Quale auto per la classe media?

Renault Captur, Peugeot 3008, Mercedes Classe A, Audi 3 e 4, Bmw Serie 2/3: quale auto la classe media sceglierà per il terzo decennio del terzo millennio? Il tempo passa, corre, rincorre usi e costumi. La tecnologia avanza, il progresso logora anche il potere. Nessuna azienda può sentirsi al sicuro, leader assoluta nel proprio settore.

Dal punto di vista della clientela, invece, è inutile e dannoso correre dietro a qualsiasi presunta novità in maniera smodata. A maggior ragione quando bisogna fare i conti con generi di consumo costosi, impegnativi da acquistare e anche da gestire come un’automobile.

Il prossimo step temporale (1° gennaio 2020) decreterà un importante cambio di marcia in tutti i sensi. L’auto deve diventare utile, utilizzabile, flessibile. Per questo motivo le case produttrici dovranno fare sforzi importanti per migliorare non solo la qualità, ma anche la fruibilità dei loro prodotti.

Ecco quindi che il top di gamma non deve più essere rappresentato da costosissime limousine, sportive e auto solo da sogno. È ormai doveroso assemblare, amalgamare, conquistare il maggior numero di utenti e compratori possibili. Valutando, equilibrando, gestendo al meglio un prodotto come l’auto che, da molto tempo, sta perdendo valore ben oltre la soglia dei soliti indicatori come iva, chilometraggio, usura, eccetera.

Ecco, quindi, che bisogna innanzitutto stabilire una forbice per il prezzo d’acquisto. Che, da tempo, non è più identificabile con quello del listino che è contaminato da molte e forse troppe indicazioni accessorie. Anche in fase promozionale e mediatica quando si parla di scontistica, incentivi e permute bisogna essere chiari. Il trucchetto che recita «a partire da…» non è più credibile.

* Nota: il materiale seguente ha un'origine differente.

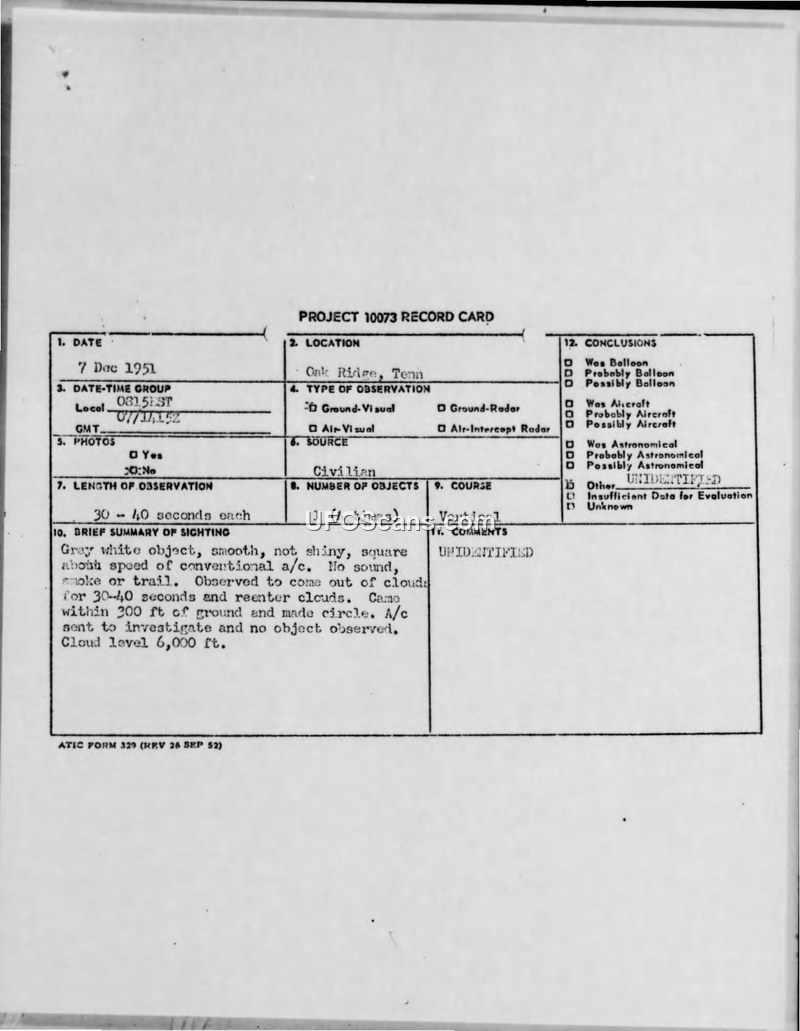 Air Intelligence Information Report: Unidentified Aerial Object, Oakridge, Tennessee, 7 December 1951
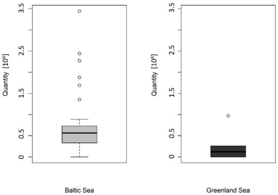 The total estimated number of primordial follicles was analyzed in 46 ovaries from juvenile ringed seals from the Baltic Sea, (divided into 13 Swedish individuals and 33 Finish individuals) and six ovaries from Greenland individuals. Figure 5 shows the median primordial follicle number in the Baltic and in the Greenland individuals (median: Baltic Sea = 565,657; IQR: 399,602; Greenland Sea = 122,475; IQR: 202,096; no statistical test was performed due to low sample size). Unfortunately, it is not possible to make a comparison between the two subpopulations, because the data basis of the Greenlandic individuals is not sufficient.
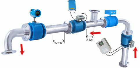 3、由于感應(yīng)電壓信號(hào)是在整個(gè)充滿磁場(chǎng)的空間中形成的,是管道載面上的平均值,因此傳感器所需的直管段較短,長(zhǎng)度為5倍的管道直徑。
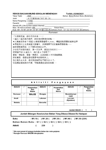 REKOD BACAAN MURID SEKOLAH MENENGAH Tarikh: 03/08/2021

Da questo punto di vista i francesi sono sicuramente più avanti. Le auto che fanno vedere in tv o sui siti sono quelle disponibili nei concessionari. La Renault Captur e la gamma dei suv Peugeot 3008 e 5008 sono state apprezzate anche per questo motivo. Anche i mostri sacri come Mercedes, Audi e Bmw stanno focalizzando i loro sforzi su auto accessibili, acquistabili, gestibili: Mercedes Classe A, Audi 3 e 4, Bmw Serie 2/3.

L’auto del prossimo decennio deve essere versatile, guidabile, alla portata di ogni componente della famiglia. La seconda o, peggio, la terza auto sono lussi che in pochi possono permettersi. Finanziariamente ma anche mentalmente. Basti pensare che la contrazione del volume delle vacanze che si sta accusando in quest’estate in Europa è circoscritta alla classe media… Il lusso invece tiene, si rafforza. Così come il ceto medio-basso sempre più in basso, che, però, spesso e volentieri preferisce fare a meno dell’auto che ormai rischia di avere le spese di gestione di un bilocale.

Anche l’atavica ma decisamente inattuale guerra ai consumi non può più essere attuale. Infatti il famigerato «oro nero» non fa più notizia. Nemmeno quando registra impennate dei prezzi che, non so se avete notato, in questa affollatissima e caldissima estate ormai agli sgoccioli non ha mai fatto registrare il benchè aumento di benzina e gasolio. In realtà il balzello della benzina è stato sostituito dalla costosa burocrazia legata ai finanziamenti (che non sono mai veramente a tasso zero…), alle cosidette (misteriose) spese di isrtuttoria, all’incidenza delle spese di riscossione delle banche (anche 5 euro) per l’addebito della rata del prestito o del leasing.

Ecco cosa chiede l’automobilista medio per restare tale, per non scollinare in una situazione di completo e definitivo disagio. Anche il fatto di distribuire, da parte della casa madre, nella medesima zona geografica e di competenza, lo stesso prodotto affidandosi a salonisti e rivenditori crea confusione, sospetto, la sensazione di poca chiarezza. Chilometri zero, auto aziendali, dirigenziali, lunari…: ma a chi bisogna credere?

La rubrica motori di Indiscreto, insomma quella che state leggendo, ha come ideologia di base quella del ridimensionamento dell’auto: spesso utilissima, ma pur sempre un mezzo di trasporto che non deve distruggere le proprie finanze. Rivolgendoci noi alla vituperata classe media, riteniamo che fra 20.000 e i 30.000 euro si possa comprare un mezzo adatto a tutta la famiglia di oggi e con un minimo di dignità secondo i parametri dei nostri tempi… L’auto del popolo, insomma (la Volkswagen ci ha pensato prima di noi), che sarà quella di cui parleremo nelle prossime puntate, con qualche nostro consiglio.